Validates and transforms raw data into the format required by
brs.
The analyst can supply data in several ways:
Minimal (Mode 1): only the score
y. Censoring is inferred automatically: \(y = 0 \to \delta = 1\), \(y = K \to \delta = 2\), \(0 < y < K \to \delta = 3\), \(y \in (0, 1) \to \delta = 0\).Classic (Mode 2):
y+ explicitdelta. The analyst declares the censoring type; interval endpoints are computed using the actualyvalue.Interval (Mode 3):
leftand/orrightcolumns (on the original scale). Censoring is inferred from the NA pattern.Full (Mode 4):
y,left, andrighttogether. The analyst's own endpoints are rescaled directly to \((0, 1)\).
All covariate columns are preserved unchanged in the output.
Usage
brs_prep(
data,
y = "y",
delta = "delta",
left = "left",
right = "right",
ncuts = 100L,
lim = 0.5
)Arguments
- data
Data frame containing the response variable and covariates.
- y
Character: name of the score column (default
"y").- delta
Character: name of the censoring indicator column (default
"delta"). Values must be in{0, 1, 2, 3}.- left
Character: name of the left-endpoint column (default
"left").- right
Character: name of the right-endpoint column (default
"right").- ncuts
Integer: number of scale categories (default 100).
- lim
Numeric: half-width of the uncertainty region (default 0.5). Used only when constructing intervals from
yalone.
Value
A data.frame with the following columns appended or
replaced:
leftLower endpoint on \((0, 1)\).
rightUpper endpoint on \((0, 1)\).
ytMidpoint approximation on \((0, 1)\).
yOriginal scale value (preserved for reference).
deltaCensoring indicator: 0 = exact, 1 = left, 2 = right, 3 = interval.

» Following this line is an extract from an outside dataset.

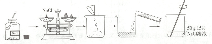 15. 如图所示是实验室配制一定溶质质量分数的$NaCl$溶液的流程图。请回答:

Covariate columns are preserved.
The output carries attributes "is_prepared" (TRUE),
"ncuts" and "lim" so that
brs can detect prepared data and skip the
internal brs_check call.
Details
Priority rule: if delta is provided (non-NA),
it takes precedence over all automatic classification rules.
When delta is NA, the function infers the censoring type
from the pattern of left, right, and y:
left | right | y | delta | Interpretation | Inferred \(\delta\) |
NA | 5 | NA | NA | Left-censored (below 5) | 1 |
| 20 | NA | NA | NA | Right-censored (above 20) | 2 |
| 30 | 45 | NA | NA | Interval-censored [30, 45] | 3 |
NA | NA | 50 | NA | Exact observation | 0 |
NA | NA | 50 | 3 | Analyst says interval | 3 |
NA | NA | 0 | 1 | Analyst says left-censored | 1 |
NA | NA | 99 | 2 | Analyst says right-censored | 2 |
When y, left, and right are all present for the
same observation, the analyst's left/right values are
used directly (rescaled by \(K =\) ncuts) and delta
is set to 3 (interval-censored) unless the analyst supplied
delta explicitly.
Endpoint formulas for Mode 2 (y + explicit delta):
When the analyst supplies delta explicitly, the endpoint
computation uses the actual y value to produce
observation-specific bounds. This is the same logic used by
brs_check with a user-supplied delta
vector:
| \(\delta\) | Condition | \(l_i\) (left) | \(u_i\) (right) |
| 0 | (any) | \(y / K\) | \(y / K\) |
| 1 | \(y = 0\) | \(\epsilon\) | \(\mathrm{lim} / K\) |
| 1 | \(y \neq 0\) | \(\epsilon\) | \((y + \mathrm{lim}) / K\) |
| 2 | \(y = K\) | \((K - \mathrm{lim}) / K\) | \(1 - \epsilon\) |
| 2 | \(y \neq K\) | \((y - \mathrm{lim}) / K\) | \(1 - \epsilon\) |
| 3 | type "m" | \((y - \mathrm{lim}) / K\) | \((y + \mathrm{lim}) / K\) |
Consistency warnings: when the analyst supplies delta
values that are unusual for the given y (e.g.,
\(\delta = 1\) but \(y \neq 0\)), the function emits a warning
but proceeds. This is by design for Monte Carlo workflows where
forced delta on non-boundary observations is intentional.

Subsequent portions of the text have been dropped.